Preparing the Unprepared

Submitted By:
Pearl Rock Kane, Teachers College, Columbia University, New York, NY

Independent schools, representing fewer than 1.5 percent of all schools in America, are granted tax exempt status, partly because the schools serve as models of R&D, showing what is possible for all students. With small classes, and freedom from mandated tests in most states, independent schools have been allowed to invent themselves to meet the needs of the students and families they serve. As a sector, however, independent schools have seldom served as models for public schools. A recently released study by The New Teacher Project (TNTP) offers a compelling reason to get involved. Public school graduation rates have reached record highs masking a troubling finding that many students graduate from high school unprepared for success in college or jobs. They enroll in college and land in remedial courses, or start jobs and discover that they’re missing skills for productive employment. Students have been told that doing well in school and meeting expectations will prepare them for the future.

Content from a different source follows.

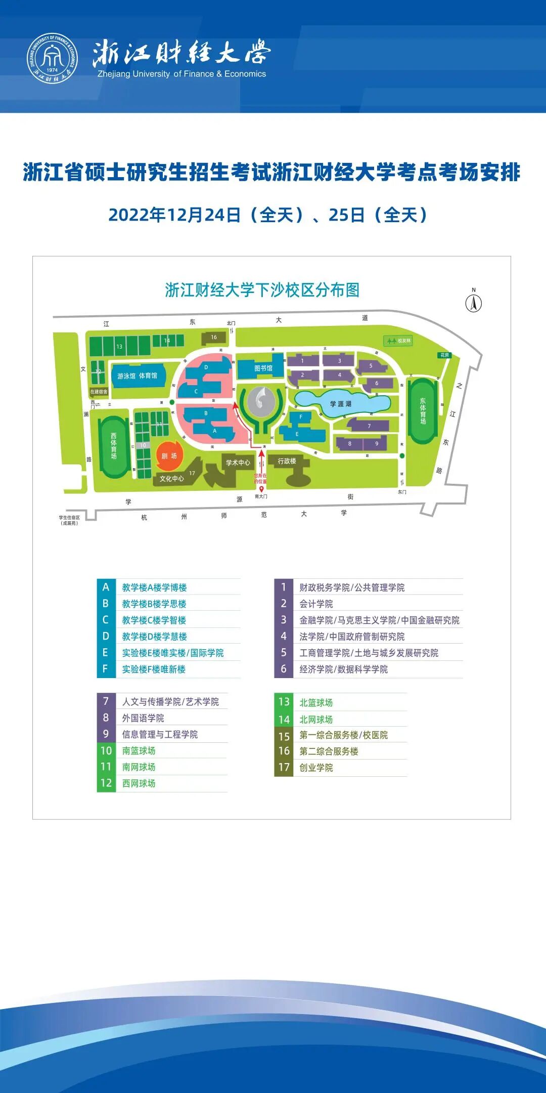 考场安排在浙江财经大学下沙校区A、B、C、D教学楼,考场距离学校南大门步行5分钟左右。受疫情影响,建议考生提前一小时到达考点,预留充分的进场时间,以免因迟到而无法入场。因学校疫情防控要求,我校考点不安排提前一天现场查看考场。我校考点考场分布图如下:

Unfortunately, researchers claim, that’s a myth, and not because they can’t master challenging material. Often, it seems, they are seldom given a chance to try. Most students, especially students of color, those from low-income families, and those with mild disabilities, miss out on four crucial components of learning: grade-appropriate assignments, strong instruction, deep engagement, and teachers with high expectations. These are the very practices independent schools have long claimed contribute to student success, opening the possibility for independent schools to be a resource.